I actually spent the twenty-sixth with friends watching soccer on Boxing Day, which in recent years has become a tradition, because if there’s one thing the Christmas season needs, it’s more day drinking.

But now, here we are, it’s the twenty-seventh. Tomorrow I’m flying back to New York from Rochester to do not much of anything, really. I’m looking forward to some days of nothing, no socializing, no special dishes to cook, no gifts to exchange.

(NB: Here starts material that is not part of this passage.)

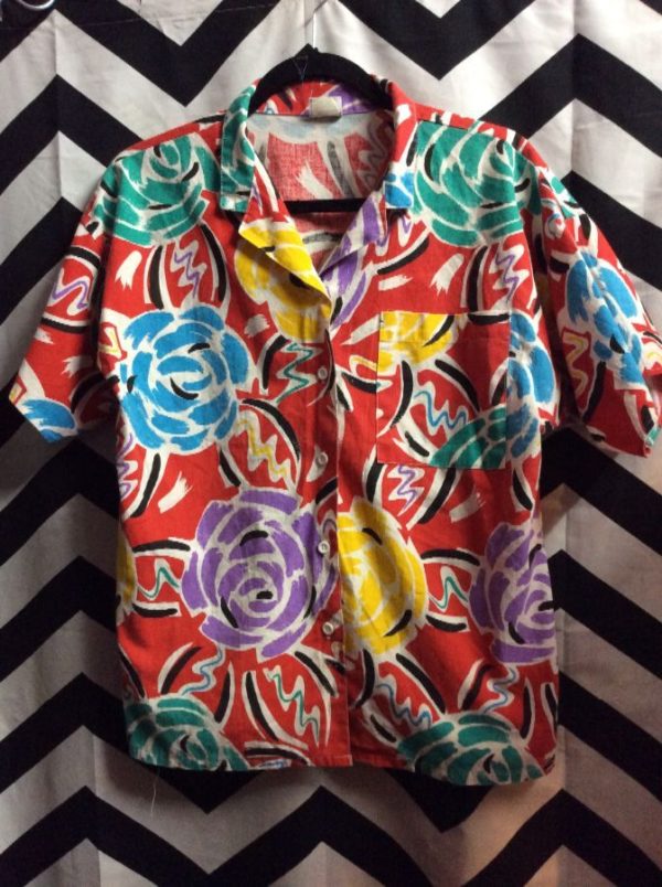 1980S SS BD COTTON FUNKY FLORAL PRINT SHIRT

When I was a kid, it was the opposite, these days after Christmas were just a countdown to going back to school. Usually by the twenty-seventh, I had picked out my favorite toy from that year’s haul and played with it exclusively. (I think my all time favorite was my GameBoy. I remember playing Motorcross Maniacs and Tennis with my friend Jon by hooking our GameBoys up with a cord for two player stuff.)

As I got a little older, into my twenties and thirties, New Year’s Eve presented a different problem entirely, that of inflated expectations. I feel like my friends and I were always saying, “We have to do something classic for New Years!” and then we’d end up drinking in one of our living rooms. Has anyone ever had a truly great New Years Eve? It’s probably as rare as a truly epic St. Patricks Day. It’s cool that everyone collectively tries to have a party and I like the ball dropping and everything but that’s about it. I’m 41. These days I’m liking New Year’s Day more and more, everyone just sleeping in and taking it easy.

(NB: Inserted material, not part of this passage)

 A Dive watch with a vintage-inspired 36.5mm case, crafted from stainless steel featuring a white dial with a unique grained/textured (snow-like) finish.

People in my social media feed are already looking forward to 2019. “What kind of energy are you going to bring into 2019?!” Hell if I know, I’m barely used to 2018.

But we’re not there yet, we’re still here in the post Christmas doldrums, another one has come and gone. I don’t have a GameBoy, though, instead I have books and a 5:30AM flight to New York.

When people say Happy Holidays, do these days even count?